The classic approach to making sure that you get quality audio (and video) is to reserve capacity for your call. This is what happened in the old telephony world and this is what happens when you make a mobile call. It goes way back to the early days when you actually connected two people to each other over the phone using a cable in a manual switchboard. You own the cable end to end for the duration of the call. It makes sense when it is only calls those cables handle (and not web pages, emails, youtube snippets, and other data) and when you know that a call is a call, you always need that cable’s full capacity. The same was true for early video calls, you spent all the bandwidth capacity you had available and only reservation would guarantee that you kept the bandwidth for the duration of the call. However, a modern video call can fluctuate in how much bandwidth is needed, both in terms of what is needed and how it can adapt to a certain restricted bandwidth. And mixed together with other data on a network, reserving capacity for each call becomes impractical and a waste of resources.

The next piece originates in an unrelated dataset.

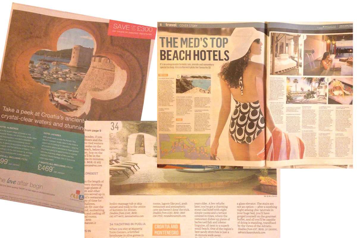 Brits enjoying their Sunday papers this morning will have discovered that Dubrovnik is home to two of the Mediterranean’s top50 beach hotels. Renowned newspaper the Sunday Times headline travel piece lists the top beach hotels for summer 2014, with La Villa on Lopud and Hotel Bellevue just outside of the Old Town, both making the grade. Only two hotels in Croatia made the top 50, both of them located in Dubrovnik.

For those of you who have read my blog posts, you will recognise this as “media elasticity”. So, one of the big values of the new multi stream video architecture is to make sure that it is technically possible to support that you and I, and all our neighbours and colleagues, actually use video integrated into our daily lives. Also, bandwidth costs and the network impacts of giving everybody in an enterprise high-quality video have been a big barrier to improving the office lives of millions of people. In fact, the bandwidth costs can be bigger than the investment in the video equipment. The multi stream architecture will allow you to enable everybody in a company to use video for all their work, both for internal meetings and to meet with customers. When in-person experiences can be replicated over video, the way your employees do their work, who report to whom, what they can be responsible for, and how they engage with customers, will change dramatically. We have called this “pervasive video” and seeing how companies are changing and improving how they do business is one of the most rewarding things you can participate in when working in the collaboration industry!
The second important value to you as a user is that the way you experience video calls will change dramatically. Have you tried to make full size a video from somebody in Skype or another video service? Do you see a super-crisp, vivid image regardless of how small or big it is? Ever been in a video meeting with many participants? Have you found any value in the small thumbnails of each person when they don’t talk? Do you know who is talking? Have you met everybody before, and you recognise who they are? Before digital cameras arrived, you would take pictures, wait some days to get to a store (or mail the film), develop the film, pick out the ones you wanted, put them in an album, and then show everybody your experiences from your latest trip to the Amazonas jungle flipping through the album. Today, various software allows you to put together a slideshow in no time and show it on your 50” television, the same day you come back home. But before you got these tools that helps you create this experience, you had to have the digital cameras. The eco-system of software and services for using your pictures in various ways have slowly evolved in the years after digital cameras became available. The multi stream architecture and the video technologies involved have evolved similarly to this. We have had high-quality video systems and infrastructure for a long time, but only now we see the eco-system around emerging and the next few years you are going to see a dramatic shift in how you will experience video meetings.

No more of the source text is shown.